Work item →
Repeat, exactly as they appear, the lines from the one with "2、点击该漫画进入详情界面,然后点击如图所示的开始阅读即可开始看漫画" through the last line of the entries below, but none of the pictures.

Information shown →
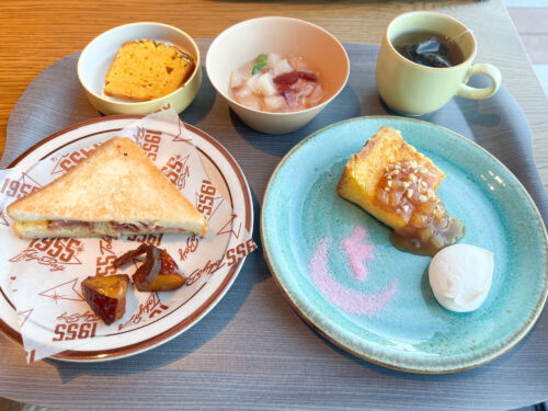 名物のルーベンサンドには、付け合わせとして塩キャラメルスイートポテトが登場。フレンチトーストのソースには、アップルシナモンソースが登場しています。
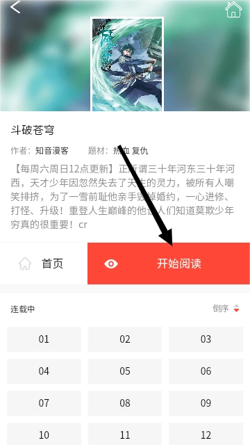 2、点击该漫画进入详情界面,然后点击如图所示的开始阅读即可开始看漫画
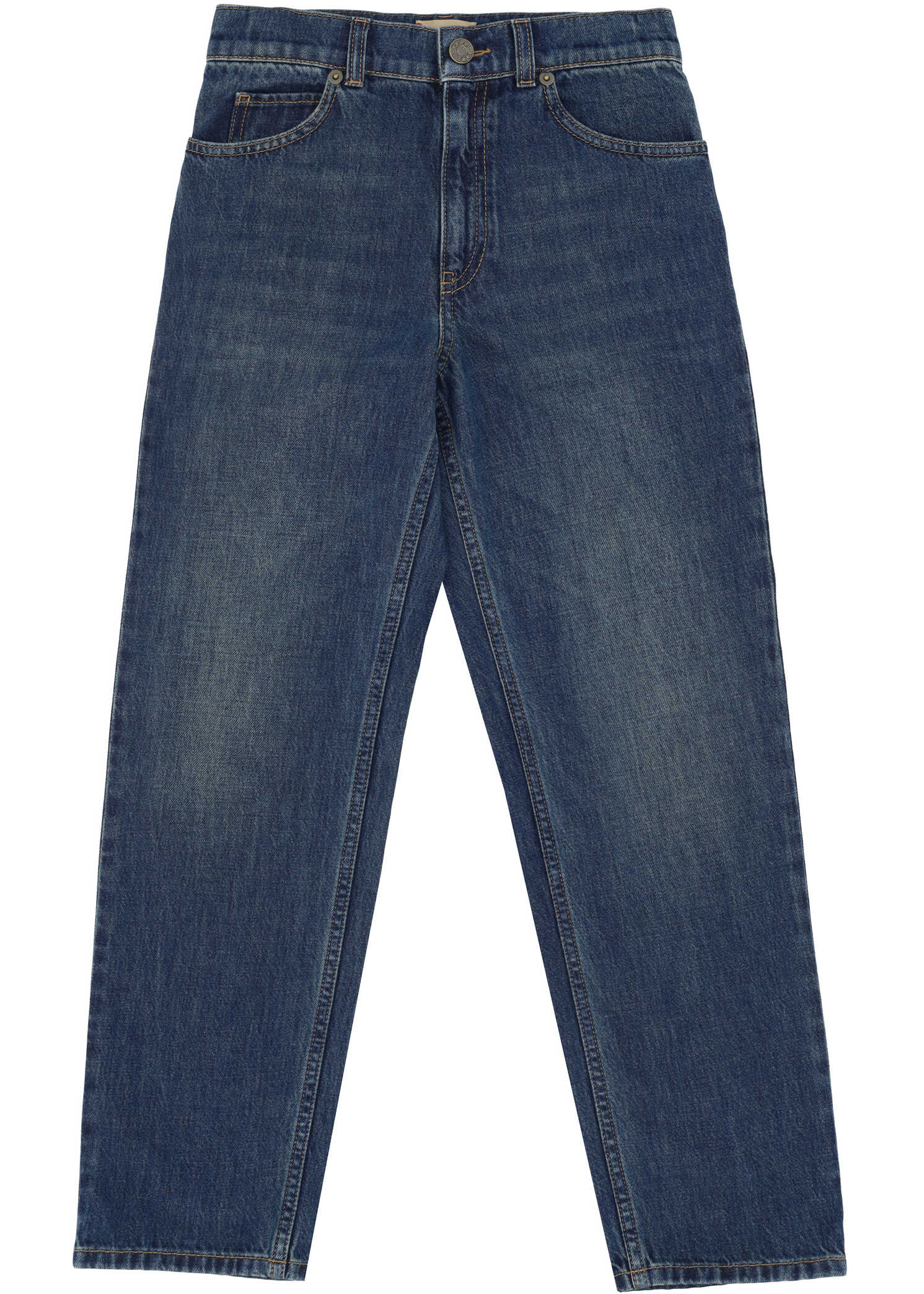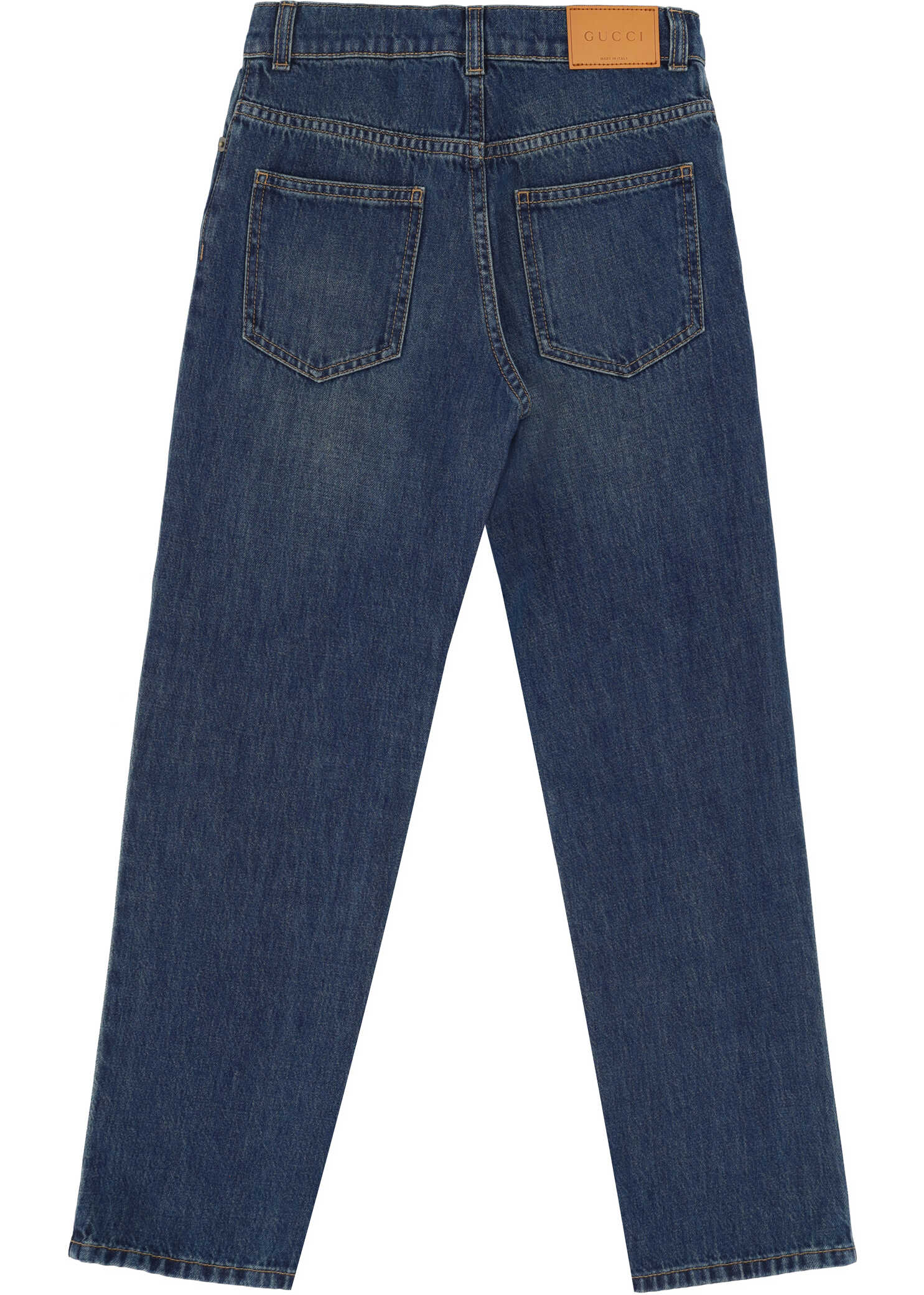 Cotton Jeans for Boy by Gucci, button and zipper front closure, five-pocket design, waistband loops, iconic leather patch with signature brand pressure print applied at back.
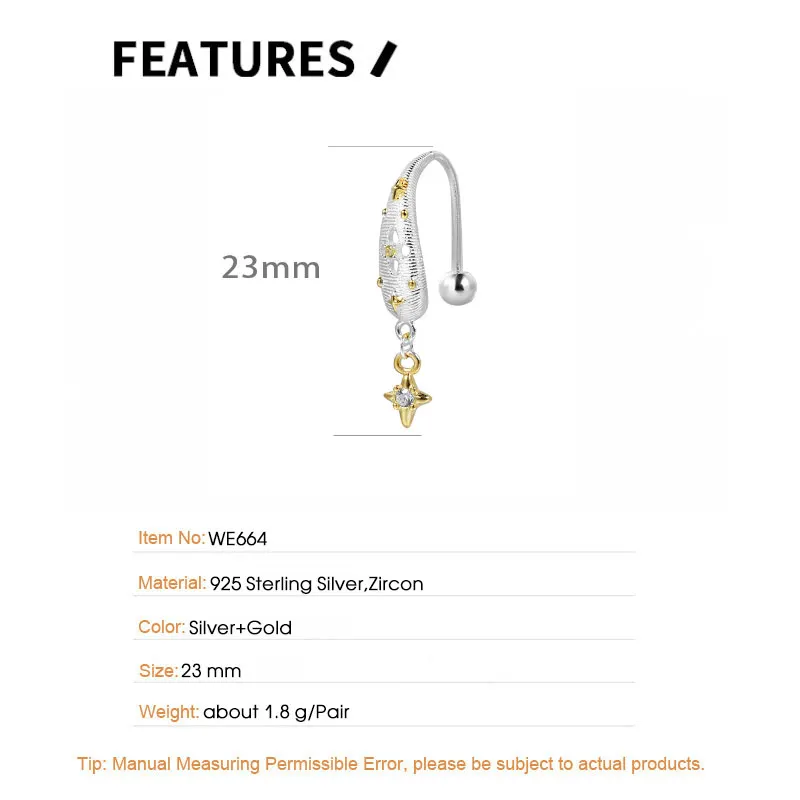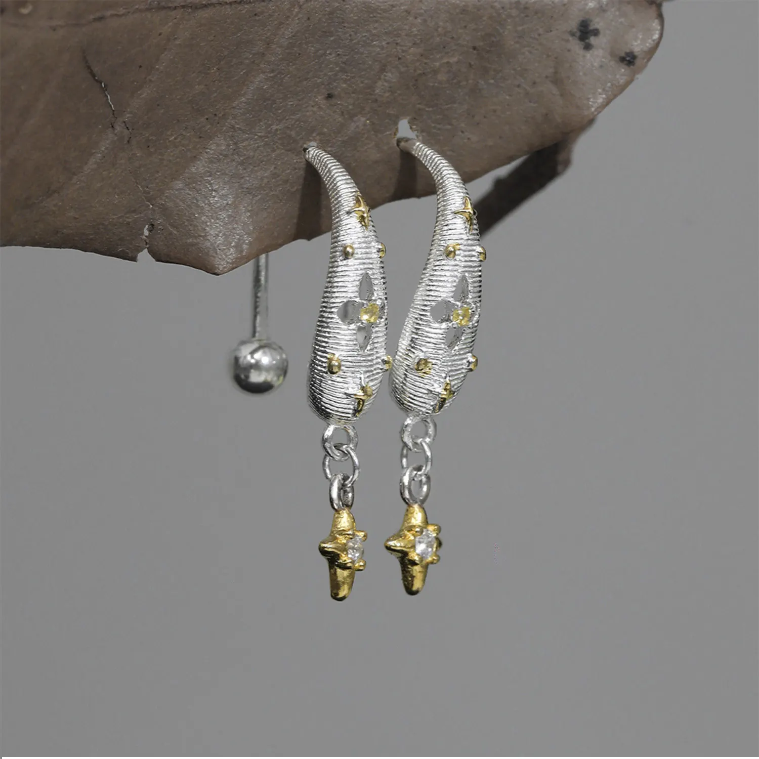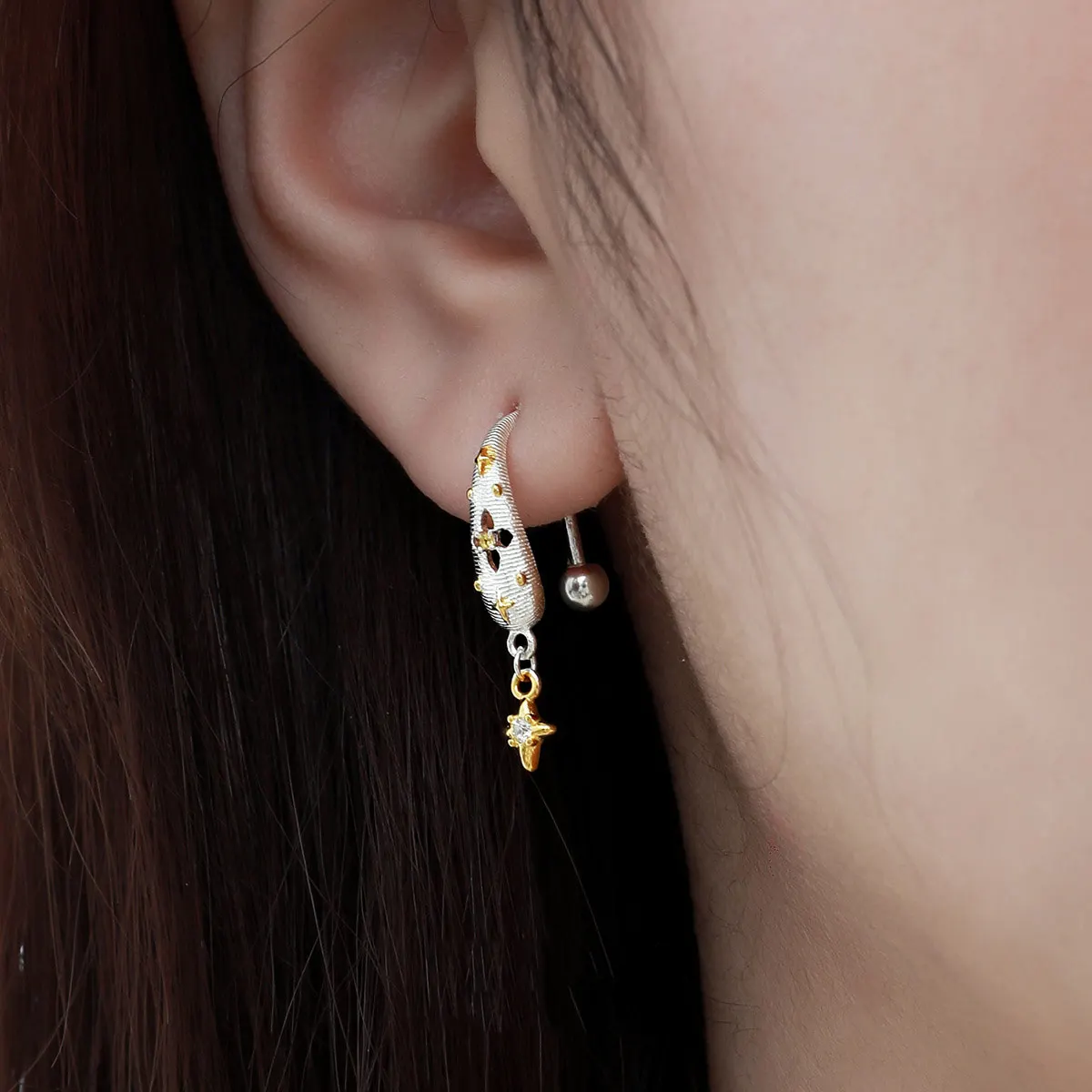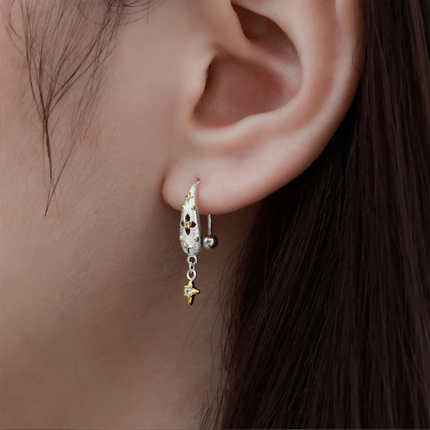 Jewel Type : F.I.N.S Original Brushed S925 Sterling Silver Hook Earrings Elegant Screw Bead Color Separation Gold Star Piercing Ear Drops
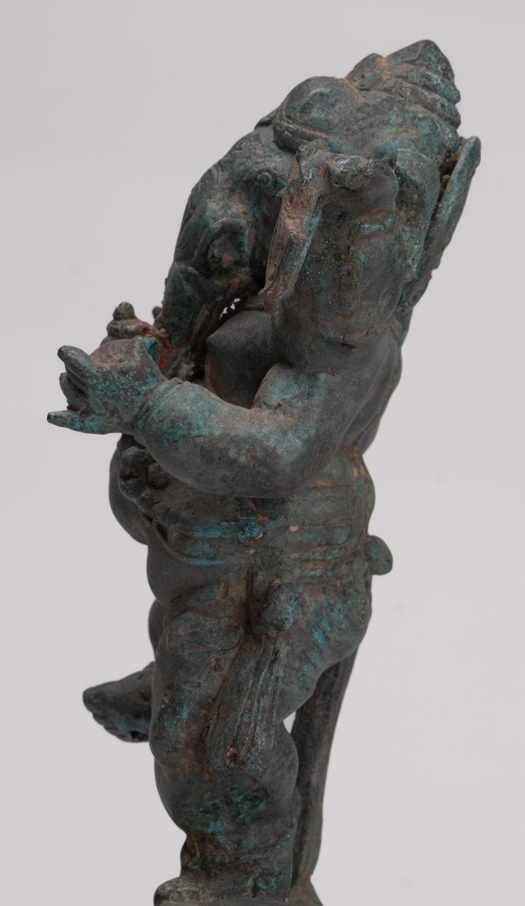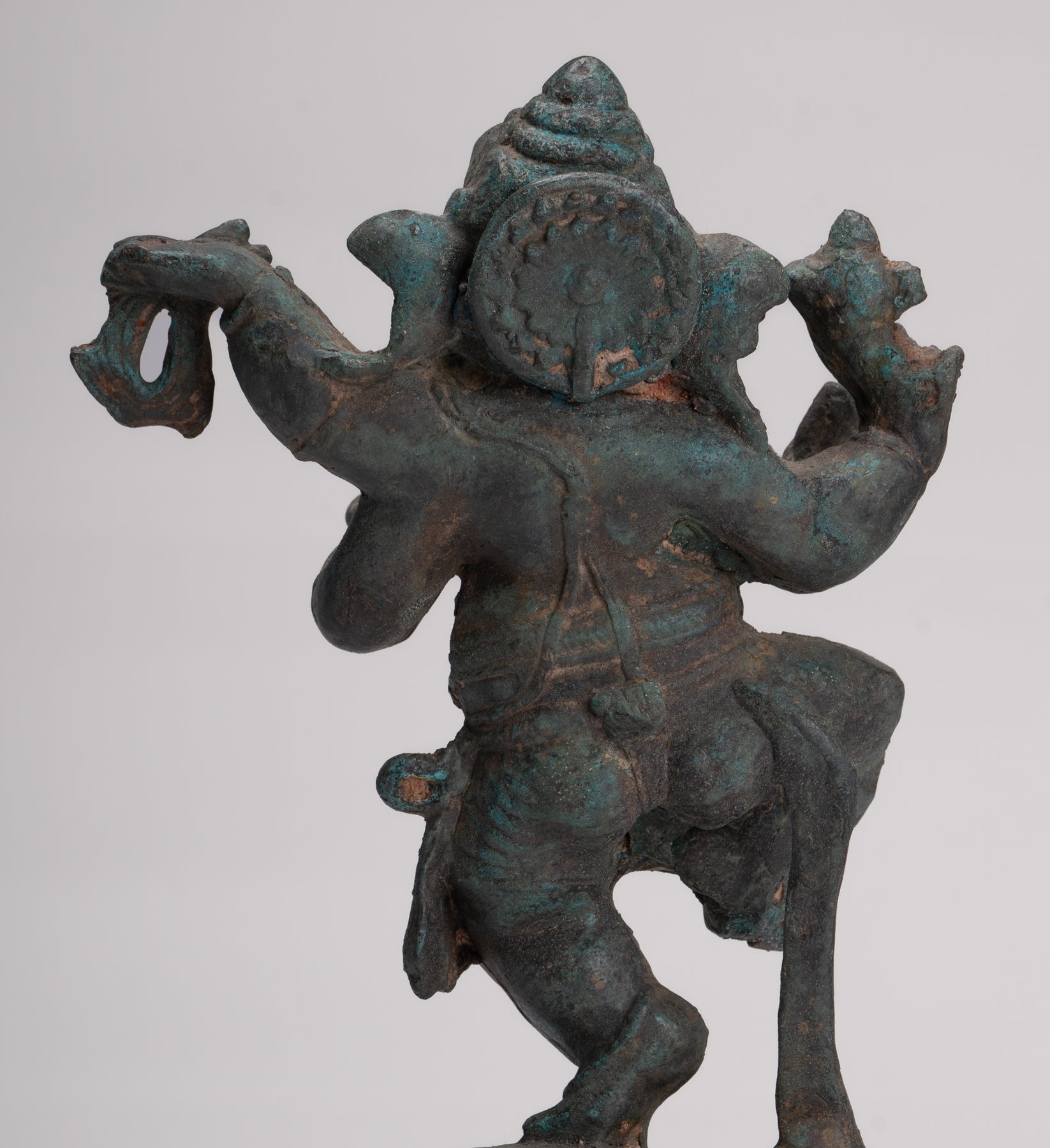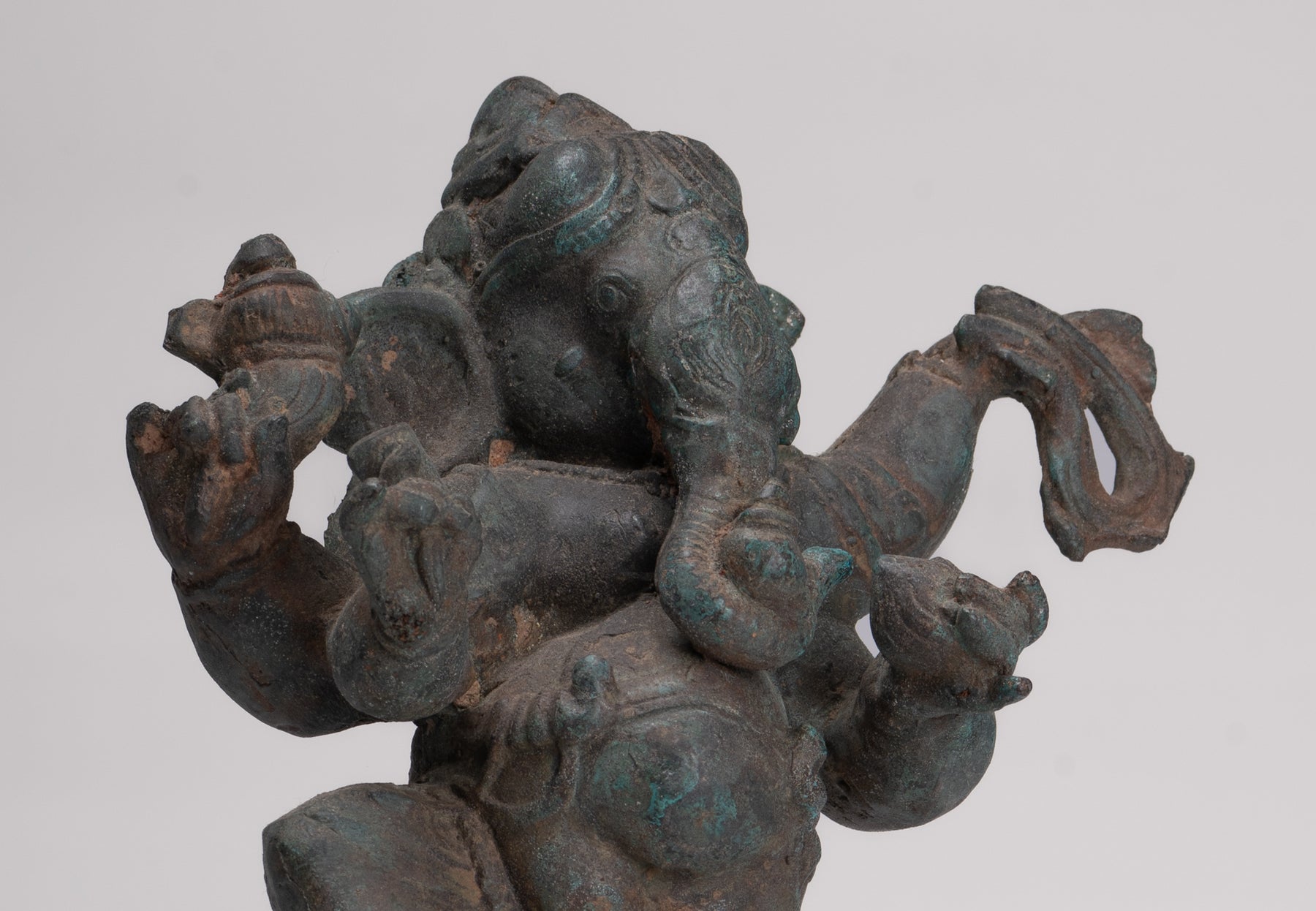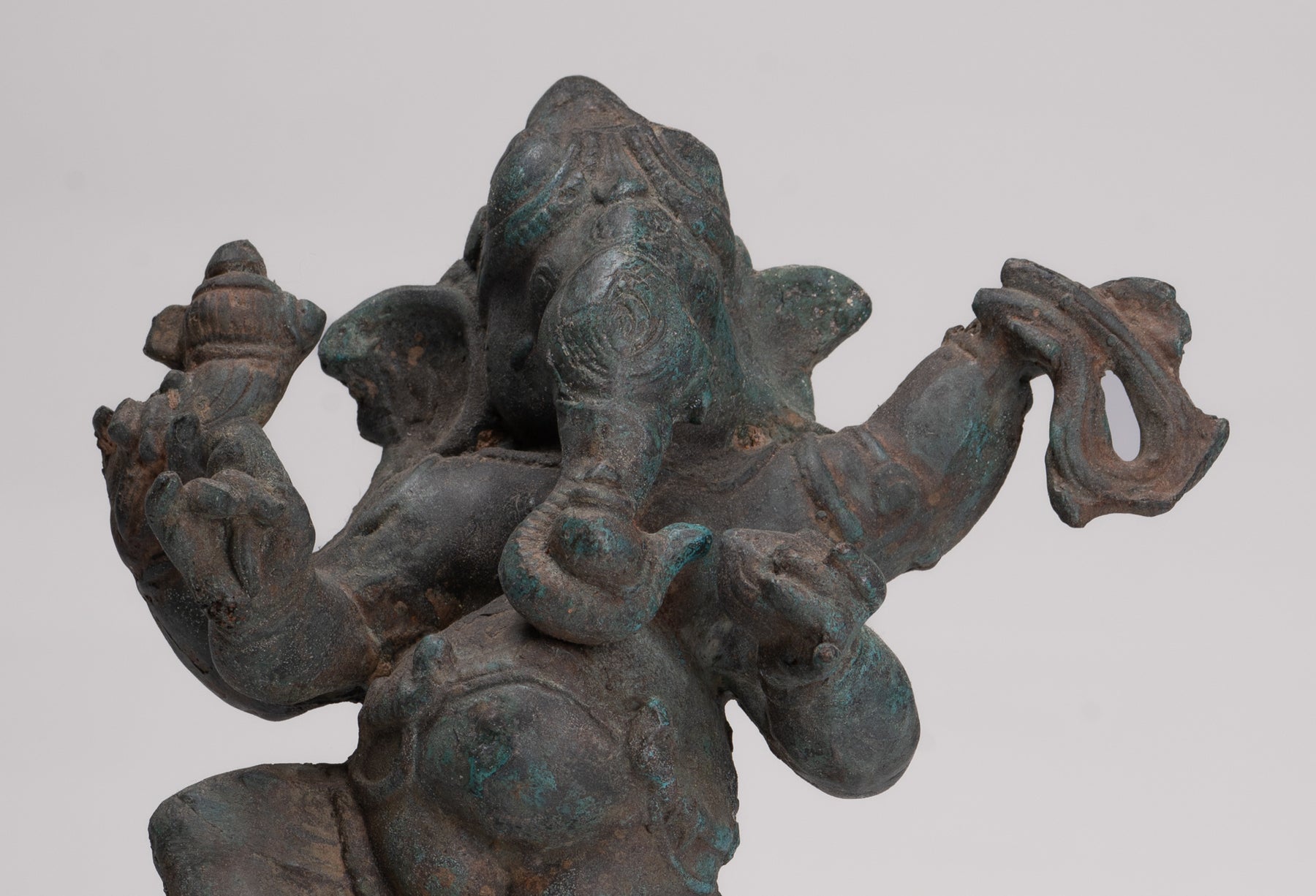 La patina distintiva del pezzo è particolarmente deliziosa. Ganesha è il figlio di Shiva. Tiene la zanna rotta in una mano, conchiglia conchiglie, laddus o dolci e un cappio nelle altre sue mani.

Expected output →
 2、点击该漫画进入详情界面,然后点击如图所示的开始阅读即可开始看漫画
 Cotton Jeans for Boy by Gucci, button and zipper front closure, five-pocket design, waistband loops, iconic leather patch with signature brand pressure print applied at back.
 Jewel Type : F.I.N.S Original Brushed S925 Sterling Silver Hook Earrings Elegant Screw Bead Color Separation Gold Star Piercing Ear Drops
 La patina distintiva del pezzo è particolarmente deliziosa. Ganesha è il figlio di Shiva. Tiene la zanna rotta in una mano, conchiglia conchiglie, laddus o dolci e un cappio nelle altre sue mani.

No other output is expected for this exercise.